### ACTIVITY
Your task is to find every line of the data that holds the string "tank" and copy it.
+++ INFORMATION SUPPLIED +++
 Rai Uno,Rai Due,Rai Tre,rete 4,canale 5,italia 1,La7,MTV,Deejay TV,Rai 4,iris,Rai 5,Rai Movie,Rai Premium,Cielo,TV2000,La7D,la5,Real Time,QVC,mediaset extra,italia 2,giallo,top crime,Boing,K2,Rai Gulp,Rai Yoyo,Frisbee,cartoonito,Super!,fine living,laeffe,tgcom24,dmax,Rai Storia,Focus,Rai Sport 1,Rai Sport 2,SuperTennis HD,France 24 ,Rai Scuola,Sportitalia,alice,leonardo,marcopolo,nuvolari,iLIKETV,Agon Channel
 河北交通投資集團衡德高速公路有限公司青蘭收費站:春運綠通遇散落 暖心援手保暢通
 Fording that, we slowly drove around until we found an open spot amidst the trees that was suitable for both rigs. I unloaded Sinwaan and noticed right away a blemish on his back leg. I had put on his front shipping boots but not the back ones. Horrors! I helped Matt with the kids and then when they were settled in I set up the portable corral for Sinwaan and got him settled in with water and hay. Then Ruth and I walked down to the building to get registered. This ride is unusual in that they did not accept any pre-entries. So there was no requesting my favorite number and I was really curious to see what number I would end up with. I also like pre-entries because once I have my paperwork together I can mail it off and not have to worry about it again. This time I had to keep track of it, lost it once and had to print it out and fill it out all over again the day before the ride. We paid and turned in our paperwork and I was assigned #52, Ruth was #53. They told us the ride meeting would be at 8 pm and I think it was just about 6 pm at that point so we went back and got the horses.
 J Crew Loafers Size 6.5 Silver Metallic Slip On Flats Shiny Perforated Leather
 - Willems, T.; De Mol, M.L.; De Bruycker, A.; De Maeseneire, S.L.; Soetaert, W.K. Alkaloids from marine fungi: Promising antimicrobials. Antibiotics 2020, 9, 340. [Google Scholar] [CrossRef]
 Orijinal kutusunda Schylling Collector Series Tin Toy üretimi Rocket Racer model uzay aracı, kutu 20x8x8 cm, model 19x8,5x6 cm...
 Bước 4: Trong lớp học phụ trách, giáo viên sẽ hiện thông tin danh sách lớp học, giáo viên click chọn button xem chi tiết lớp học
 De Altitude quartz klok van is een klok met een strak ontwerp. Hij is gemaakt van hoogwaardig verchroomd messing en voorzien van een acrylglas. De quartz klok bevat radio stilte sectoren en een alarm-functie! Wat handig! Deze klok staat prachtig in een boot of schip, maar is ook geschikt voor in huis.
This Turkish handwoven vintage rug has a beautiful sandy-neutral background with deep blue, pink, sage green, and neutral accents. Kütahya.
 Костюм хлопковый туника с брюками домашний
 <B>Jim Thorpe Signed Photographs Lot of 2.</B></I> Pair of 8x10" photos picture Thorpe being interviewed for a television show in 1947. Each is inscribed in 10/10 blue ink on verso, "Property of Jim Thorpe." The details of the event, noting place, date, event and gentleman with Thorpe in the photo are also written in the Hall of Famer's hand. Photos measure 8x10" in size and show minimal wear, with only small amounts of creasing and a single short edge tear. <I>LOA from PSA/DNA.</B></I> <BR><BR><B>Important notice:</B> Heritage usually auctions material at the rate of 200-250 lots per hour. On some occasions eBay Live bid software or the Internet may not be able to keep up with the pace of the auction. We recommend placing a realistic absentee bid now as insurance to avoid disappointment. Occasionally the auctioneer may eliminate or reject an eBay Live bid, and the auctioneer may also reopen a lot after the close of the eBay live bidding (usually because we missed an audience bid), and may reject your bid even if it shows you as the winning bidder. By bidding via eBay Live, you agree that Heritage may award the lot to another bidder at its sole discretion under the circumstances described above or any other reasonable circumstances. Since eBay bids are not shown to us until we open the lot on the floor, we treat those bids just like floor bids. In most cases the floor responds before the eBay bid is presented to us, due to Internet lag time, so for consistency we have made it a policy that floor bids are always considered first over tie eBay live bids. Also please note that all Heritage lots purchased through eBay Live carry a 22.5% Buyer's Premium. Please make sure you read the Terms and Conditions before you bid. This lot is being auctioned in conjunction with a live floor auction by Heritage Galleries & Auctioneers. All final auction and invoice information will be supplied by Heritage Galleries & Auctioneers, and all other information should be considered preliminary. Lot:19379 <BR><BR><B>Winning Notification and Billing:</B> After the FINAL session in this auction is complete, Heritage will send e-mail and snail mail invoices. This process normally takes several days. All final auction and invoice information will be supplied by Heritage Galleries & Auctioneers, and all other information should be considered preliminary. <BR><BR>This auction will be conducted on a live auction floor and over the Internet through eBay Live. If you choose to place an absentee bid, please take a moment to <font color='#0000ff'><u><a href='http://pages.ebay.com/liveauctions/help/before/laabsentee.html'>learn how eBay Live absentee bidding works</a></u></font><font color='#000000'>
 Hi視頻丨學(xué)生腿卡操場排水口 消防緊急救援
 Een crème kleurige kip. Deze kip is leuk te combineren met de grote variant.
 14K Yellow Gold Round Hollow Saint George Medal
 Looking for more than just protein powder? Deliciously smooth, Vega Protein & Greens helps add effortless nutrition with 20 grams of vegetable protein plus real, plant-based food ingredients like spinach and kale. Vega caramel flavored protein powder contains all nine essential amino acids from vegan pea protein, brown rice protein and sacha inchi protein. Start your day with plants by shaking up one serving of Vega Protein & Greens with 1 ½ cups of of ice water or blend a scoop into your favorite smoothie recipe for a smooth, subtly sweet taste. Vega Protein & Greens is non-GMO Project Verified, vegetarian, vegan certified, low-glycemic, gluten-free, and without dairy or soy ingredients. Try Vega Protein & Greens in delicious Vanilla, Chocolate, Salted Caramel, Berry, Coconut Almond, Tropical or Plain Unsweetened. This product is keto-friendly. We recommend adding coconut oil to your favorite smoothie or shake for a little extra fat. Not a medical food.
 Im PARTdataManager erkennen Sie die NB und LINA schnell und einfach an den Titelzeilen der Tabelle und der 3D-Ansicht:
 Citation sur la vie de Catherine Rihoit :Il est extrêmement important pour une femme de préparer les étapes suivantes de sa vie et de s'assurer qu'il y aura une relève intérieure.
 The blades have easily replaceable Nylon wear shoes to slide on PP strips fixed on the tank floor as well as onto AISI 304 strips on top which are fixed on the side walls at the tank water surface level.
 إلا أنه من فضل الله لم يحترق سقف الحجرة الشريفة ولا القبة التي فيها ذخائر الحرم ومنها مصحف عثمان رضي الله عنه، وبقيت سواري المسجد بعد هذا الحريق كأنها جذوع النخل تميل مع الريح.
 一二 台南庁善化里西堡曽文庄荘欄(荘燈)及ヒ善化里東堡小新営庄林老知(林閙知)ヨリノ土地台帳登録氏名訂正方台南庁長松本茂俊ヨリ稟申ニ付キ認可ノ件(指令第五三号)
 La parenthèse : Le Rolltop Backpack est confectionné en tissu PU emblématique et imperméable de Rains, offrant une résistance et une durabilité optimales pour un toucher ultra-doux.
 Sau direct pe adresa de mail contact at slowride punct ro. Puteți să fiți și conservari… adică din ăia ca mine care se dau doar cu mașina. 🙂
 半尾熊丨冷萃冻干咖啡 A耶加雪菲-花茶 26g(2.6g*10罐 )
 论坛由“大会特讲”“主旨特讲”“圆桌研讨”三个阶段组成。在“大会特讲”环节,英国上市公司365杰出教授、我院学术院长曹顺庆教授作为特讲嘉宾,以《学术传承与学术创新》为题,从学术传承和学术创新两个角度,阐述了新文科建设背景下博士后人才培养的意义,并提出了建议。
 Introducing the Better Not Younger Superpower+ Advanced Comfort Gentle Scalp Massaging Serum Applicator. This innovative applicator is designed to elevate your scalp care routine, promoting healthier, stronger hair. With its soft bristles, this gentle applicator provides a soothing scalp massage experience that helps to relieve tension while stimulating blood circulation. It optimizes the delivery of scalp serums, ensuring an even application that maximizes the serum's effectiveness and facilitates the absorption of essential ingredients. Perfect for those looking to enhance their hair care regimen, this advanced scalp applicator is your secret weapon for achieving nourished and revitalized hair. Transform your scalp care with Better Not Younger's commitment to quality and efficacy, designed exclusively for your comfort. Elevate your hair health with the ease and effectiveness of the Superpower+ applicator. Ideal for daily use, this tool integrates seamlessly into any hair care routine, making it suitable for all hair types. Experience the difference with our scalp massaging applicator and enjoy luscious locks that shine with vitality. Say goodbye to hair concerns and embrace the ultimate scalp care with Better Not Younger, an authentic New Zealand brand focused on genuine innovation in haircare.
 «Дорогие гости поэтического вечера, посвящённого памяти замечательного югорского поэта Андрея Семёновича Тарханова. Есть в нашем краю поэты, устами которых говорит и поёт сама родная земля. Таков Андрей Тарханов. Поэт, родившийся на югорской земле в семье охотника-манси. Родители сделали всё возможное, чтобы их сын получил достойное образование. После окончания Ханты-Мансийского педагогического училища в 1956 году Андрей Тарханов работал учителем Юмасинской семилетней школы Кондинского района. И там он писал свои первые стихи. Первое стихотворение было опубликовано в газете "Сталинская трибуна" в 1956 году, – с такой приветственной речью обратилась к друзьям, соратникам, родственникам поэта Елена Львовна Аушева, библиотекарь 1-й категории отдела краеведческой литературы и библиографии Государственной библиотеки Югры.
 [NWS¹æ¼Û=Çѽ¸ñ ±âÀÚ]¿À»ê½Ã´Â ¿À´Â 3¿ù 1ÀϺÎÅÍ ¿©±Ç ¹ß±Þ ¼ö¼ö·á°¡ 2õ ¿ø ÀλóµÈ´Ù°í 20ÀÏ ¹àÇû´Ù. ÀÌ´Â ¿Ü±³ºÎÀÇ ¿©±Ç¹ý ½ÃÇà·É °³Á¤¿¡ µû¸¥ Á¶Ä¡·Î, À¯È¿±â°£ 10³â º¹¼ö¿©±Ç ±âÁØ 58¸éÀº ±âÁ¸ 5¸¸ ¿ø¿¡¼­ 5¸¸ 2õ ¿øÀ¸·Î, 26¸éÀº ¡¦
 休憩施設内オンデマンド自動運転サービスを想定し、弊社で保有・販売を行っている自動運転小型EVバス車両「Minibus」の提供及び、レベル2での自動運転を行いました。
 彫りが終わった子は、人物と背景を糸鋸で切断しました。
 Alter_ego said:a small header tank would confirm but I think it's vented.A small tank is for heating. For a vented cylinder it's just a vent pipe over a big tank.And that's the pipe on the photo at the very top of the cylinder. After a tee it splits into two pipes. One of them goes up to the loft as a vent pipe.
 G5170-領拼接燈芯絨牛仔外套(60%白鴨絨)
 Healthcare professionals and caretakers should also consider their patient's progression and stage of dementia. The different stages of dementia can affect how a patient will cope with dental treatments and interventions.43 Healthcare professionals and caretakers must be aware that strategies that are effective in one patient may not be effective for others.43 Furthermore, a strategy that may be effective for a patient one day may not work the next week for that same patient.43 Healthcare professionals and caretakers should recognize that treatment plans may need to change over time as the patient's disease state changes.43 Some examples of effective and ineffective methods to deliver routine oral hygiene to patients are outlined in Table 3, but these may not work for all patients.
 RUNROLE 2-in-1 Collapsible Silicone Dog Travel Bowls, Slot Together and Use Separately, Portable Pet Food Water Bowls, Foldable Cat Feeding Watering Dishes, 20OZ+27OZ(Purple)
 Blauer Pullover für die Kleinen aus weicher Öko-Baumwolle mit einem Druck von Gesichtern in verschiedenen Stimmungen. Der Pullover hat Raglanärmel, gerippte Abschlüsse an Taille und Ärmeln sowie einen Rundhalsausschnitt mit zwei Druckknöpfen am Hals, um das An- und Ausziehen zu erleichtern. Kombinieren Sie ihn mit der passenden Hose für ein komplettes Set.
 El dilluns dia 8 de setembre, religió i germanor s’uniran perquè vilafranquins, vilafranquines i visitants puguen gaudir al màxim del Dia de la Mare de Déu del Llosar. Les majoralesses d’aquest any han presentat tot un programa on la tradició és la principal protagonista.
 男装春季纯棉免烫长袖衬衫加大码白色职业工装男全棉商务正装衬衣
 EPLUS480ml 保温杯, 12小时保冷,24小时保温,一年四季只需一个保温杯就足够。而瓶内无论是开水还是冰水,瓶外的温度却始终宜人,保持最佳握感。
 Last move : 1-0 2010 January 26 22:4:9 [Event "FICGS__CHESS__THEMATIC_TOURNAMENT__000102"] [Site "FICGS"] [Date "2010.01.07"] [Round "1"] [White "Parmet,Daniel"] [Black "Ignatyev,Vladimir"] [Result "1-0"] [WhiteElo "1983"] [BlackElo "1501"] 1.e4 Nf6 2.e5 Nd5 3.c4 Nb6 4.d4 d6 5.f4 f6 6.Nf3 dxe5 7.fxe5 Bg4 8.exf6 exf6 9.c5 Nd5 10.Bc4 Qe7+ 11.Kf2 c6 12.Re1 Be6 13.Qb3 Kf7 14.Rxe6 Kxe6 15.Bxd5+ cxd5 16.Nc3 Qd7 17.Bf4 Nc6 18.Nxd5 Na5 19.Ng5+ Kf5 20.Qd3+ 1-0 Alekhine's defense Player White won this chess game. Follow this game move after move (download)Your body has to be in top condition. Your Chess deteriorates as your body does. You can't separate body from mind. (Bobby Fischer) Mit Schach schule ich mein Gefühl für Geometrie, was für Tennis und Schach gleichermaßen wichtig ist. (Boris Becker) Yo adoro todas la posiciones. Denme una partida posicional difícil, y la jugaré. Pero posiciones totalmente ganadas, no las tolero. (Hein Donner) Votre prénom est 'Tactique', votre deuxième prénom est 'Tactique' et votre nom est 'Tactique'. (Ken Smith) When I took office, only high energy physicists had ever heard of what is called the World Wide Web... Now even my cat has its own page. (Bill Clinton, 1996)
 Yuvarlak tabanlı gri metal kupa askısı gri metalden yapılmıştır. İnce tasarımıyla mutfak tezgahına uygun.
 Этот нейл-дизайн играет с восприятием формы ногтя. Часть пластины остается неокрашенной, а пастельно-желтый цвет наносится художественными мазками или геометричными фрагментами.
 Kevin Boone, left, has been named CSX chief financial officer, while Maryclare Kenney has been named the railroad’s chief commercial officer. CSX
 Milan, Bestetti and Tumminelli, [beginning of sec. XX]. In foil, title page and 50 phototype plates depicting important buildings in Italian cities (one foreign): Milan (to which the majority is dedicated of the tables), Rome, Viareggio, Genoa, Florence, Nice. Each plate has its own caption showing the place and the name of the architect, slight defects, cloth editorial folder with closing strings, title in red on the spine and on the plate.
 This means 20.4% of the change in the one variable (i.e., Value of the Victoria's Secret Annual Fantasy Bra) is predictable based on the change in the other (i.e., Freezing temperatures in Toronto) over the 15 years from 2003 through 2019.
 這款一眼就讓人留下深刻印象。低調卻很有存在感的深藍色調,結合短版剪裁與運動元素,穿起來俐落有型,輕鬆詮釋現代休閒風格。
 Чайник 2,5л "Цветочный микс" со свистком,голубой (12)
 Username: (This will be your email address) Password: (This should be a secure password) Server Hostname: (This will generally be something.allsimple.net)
+++
### SOLUTION TO THIS PROBLEM
 The blades have easily replaceable Nylon wear shoes to slide on PP strips fixed on the tank floor as well as onto AISI 304 strips on top which are fixed on the side walls at the tank water surface level.
 Alter_ego said:a small header tank would confirm but I think it's vented.A small tank is for heating. For a vented cylinder it's just a vent pipe over a big tank.And that's the pipe on the photo at the very top of the cylinder. After a tee it splits into two pipes. One of them goes up to the loft as a vent pipe.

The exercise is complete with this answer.